Task to carry out: Copy out the listing that follows exactly, dropping every picture.

Given material:
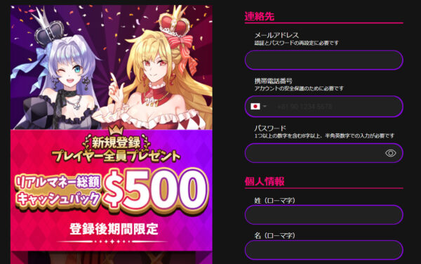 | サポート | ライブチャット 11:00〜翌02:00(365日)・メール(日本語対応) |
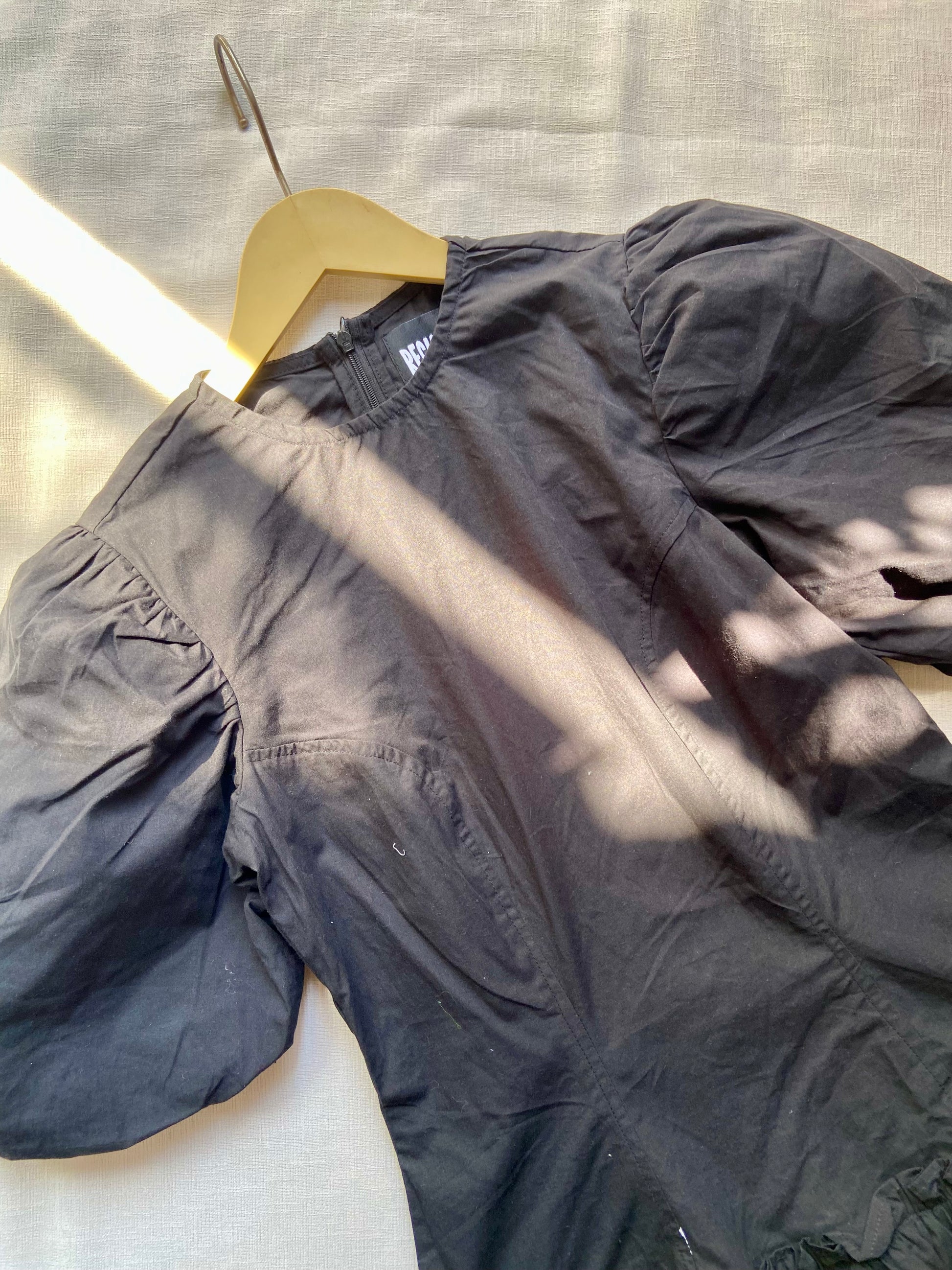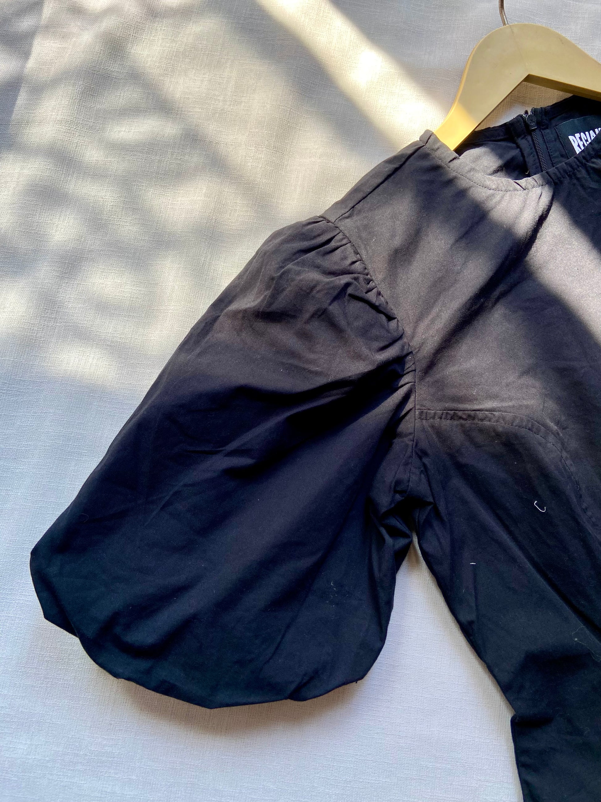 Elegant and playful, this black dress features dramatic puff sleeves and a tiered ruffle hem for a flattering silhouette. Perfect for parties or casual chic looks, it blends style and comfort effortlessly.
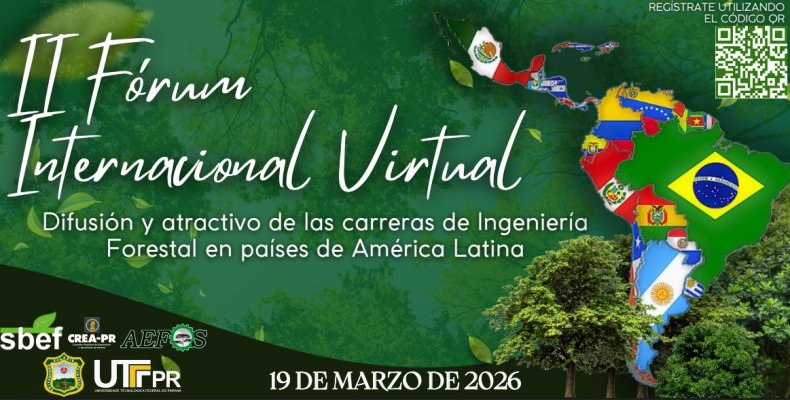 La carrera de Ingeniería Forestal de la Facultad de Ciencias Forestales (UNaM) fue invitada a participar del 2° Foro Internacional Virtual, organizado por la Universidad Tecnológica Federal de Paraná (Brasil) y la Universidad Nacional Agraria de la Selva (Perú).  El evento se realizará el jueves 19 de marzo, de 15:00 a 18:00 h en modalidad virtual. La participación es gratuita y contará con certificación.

Answer section:
 | サポート | ライブチャット 11:00〜翌02:00(365日)・メール(日本語対応) |
 Elegant and playful, this black dress features dramatic puff sleeves and a tiered ruffle hem for a flattering silhouette. Perfect for parties or casual chic looks, it blends style and comfort effortlessly.
 La carrera de Ingeniería Forestal de la Facultad de Ciencias Forestales (UNaM) fue invitada a participar del 2° Foro Internacional Virtual, organizado por la Universidad Tecnológica Federal de Paraná (Brasil) y la Universidad Nacional Agraria de la Selva (Perú).  El evento se realizará el jueves 19 de marzo, de 15:00 a 18:00 h en modalidad virtual. La participación es gratuita y contará con certificación.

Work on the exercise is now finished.